Elle vient d’être nommée au Comité Éthique en commun INRAE–Cirad–Ifremer–IRD.
À écouter : Le chaud et le froid du climat - Les Savanturiers 55 min
Continuer ses recherches sur le climat
La semaine dernière, on apprenait que la France avait enregistré en 2023 une baisse de 5,8 % de ses émissions de gaz à effet de serre par rapport à 2022. Un chiffre meilleur que celui qui était attendu, mais perçu comme conjoncturel par des associations environnementales en raison d'un hiver doux et du ralentissement économique. La semaine dernière, toujours, dans un appel lancé dans l'Obs, 70 personnalités réclamaient davantage de justice environnementale pour lutter contre les atteintes à la nature. Parmi les personnalités signataires du texte, Valérie Masson-Delmotte, climatologue qui, après huit ans passés au GIEC en tant que coprésidente du groupe un, a passé la main l'année dernière, sans pour autant cesser son engagement et ses recherches autour du climat. Valérie Masson-Delmotte vient de publier au CNRS éditions Face au changement climatique, un livre dans lequel elle raconte son parcours et l'importance des sciences du climat.
Une baisse remarquable des émissions de gaz à effets de serre
Valérie Masson-Delmotte note que cette baisse des émissions de gaz est remarquable, elle est encore en train d'être analysée en vue du prochain rapport du Haut Conseil pour le climat : « Par rapport aux anciens hivers doux et la pandémie, c'est le troisième épisode de baisse le plus fort, mais il y a encore des facteurs conjoncturels, comme les hivers doux, l'inflation, le pouvoir d'achat et la production industrielle. Mais il faut aussi se réjouir que cela s'inscrit dans le cadre d'une baisse des émissions de gaz à effet de serre dans une vingtaine de pays dans le monde. En France, les émissions de gaz à effet de serre ont permis d'éviter d'émettre dans le monde plusieurs milliards de tonnes de gaz à effet de serre, et les trajectoires de très fortes hausses à venir ou de très fort réchauffement sont considérées comme moins plausibles. Par contre, ce qui est aussi notable, c'est qu'on voit des résultats qui peuvent sembler encourageants, mais des tendances préoccupantes comme par exemple la forte hausse du transport aérien qui est de 15 %. »
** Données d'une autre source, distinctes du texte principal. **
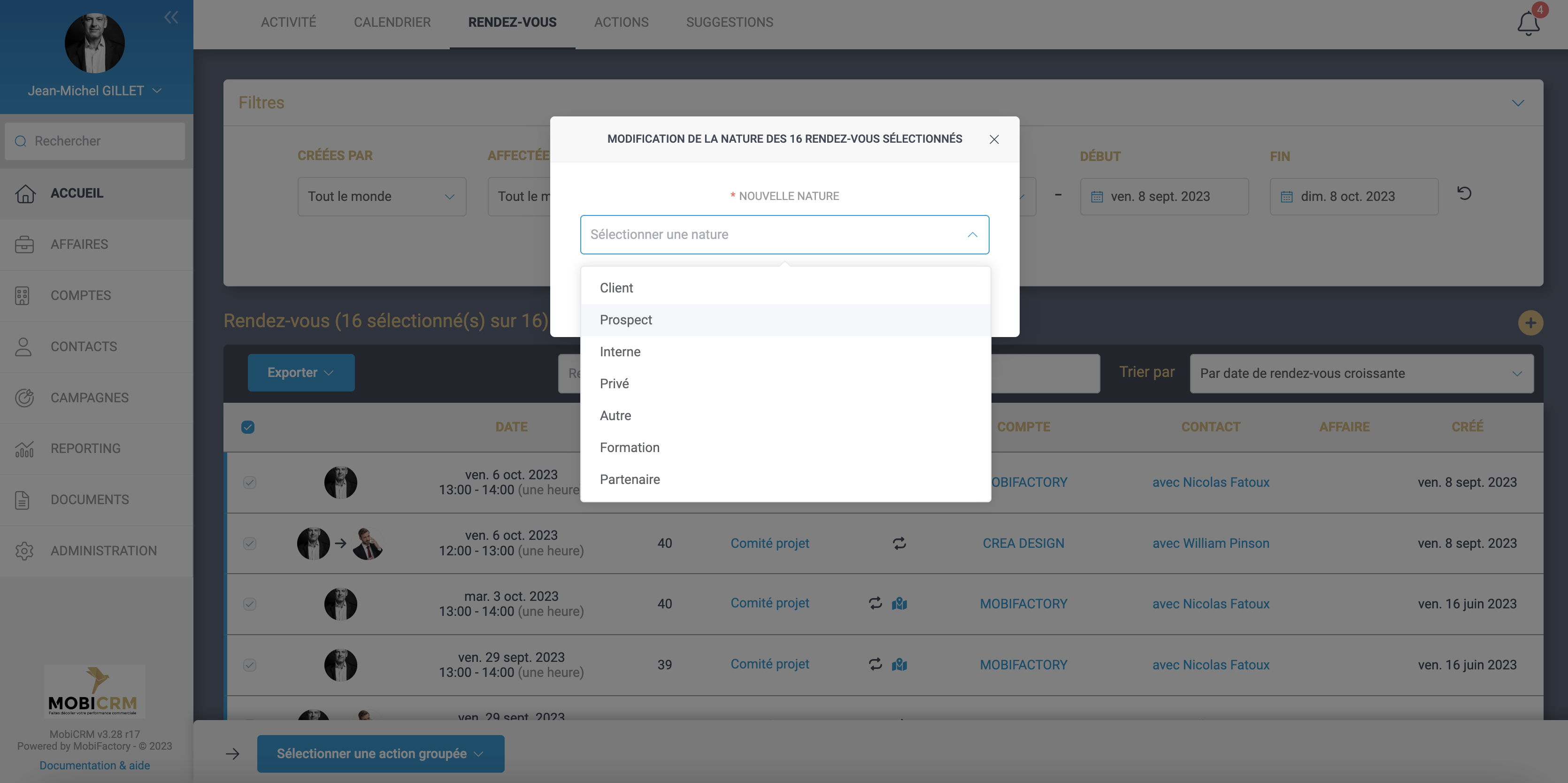 Vous pouvez également exporter et modifier en masse vos rdv, notamment modifier la nature de rdv.
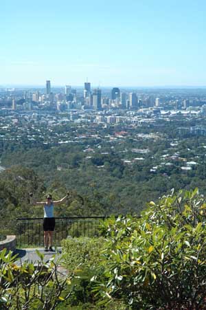 1st to 3rd May 2006 - Brisbane to Lamington National Park - 184 km Our first day driving out of Brisbane started with a great climb to Mt Coo-tha. The views out on to Brisbane, Moreton Island and the Ocean were great. Below us was another of Brisbane's botanical gardens, where we spotted our first snake, looking all angry and standing up. "Just a tree snake" said a guy walking past "I have lots in my garden". Well, what kind of snake will get an Ozzie startled and moving back? We were left to ponder. The ride to Ipswich was rolly, against the wind and mainly along big roads. We only did 50 km but climbed 1000m to get away from Brisbane. We recovered in one of Ipswich parks (there is no campsite here) amongst huge ants, broken bottles and the odd, used syringe (all the public toilets around the Brisbane area have syringe disposal facilities).
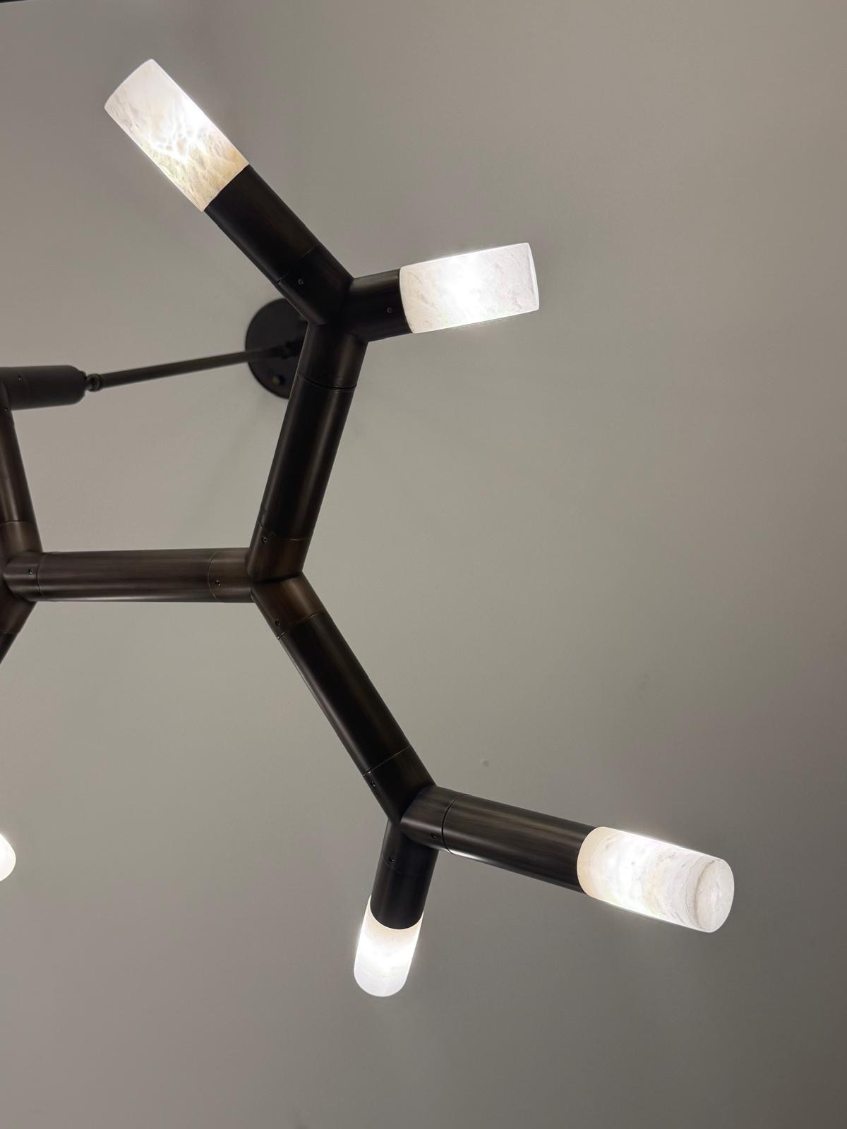 Breng tijdloze elegantie in je interieur met de SCOTT Chandelier in Smoke Bronze met verfijnd alabaster. Deze exclusieve hanglamp combineert sculpturale klasse met zachte verlichting, perfect voor zowel moderne als klassieke ruimtes.

Il reste encore beaucoup à faire pour baisser ces émissions à effets de serre
Malgré ces chiffres encourageants, Valérie Masson-Delmotte note qu'il reste encore beaucoup d'efforts à faire : « Il y a encore énormément à faire d'une part pour construire la décarbonation de nos activités économiques et aussi pour être mieux protégé face à un climat qui va continuer à changer. Nous sommes devant un bilan net des émissions de gaz à effet de serre qui pourrait ne pas tenir les objectifs que la France s'est fixés. Il y a ce qu'on émet, mais il y a aussi les forêts gérées ; on misait en partie sur l'accroissement des forêts pour contrebalancer une partie des émissions et ce puits de carbone des forêts a été divisé par deux sur dix décennies, ce qui montre l'importance de préserver les écosystèmes et leurs services et notamment le fait de pouvoir capter du carbone. »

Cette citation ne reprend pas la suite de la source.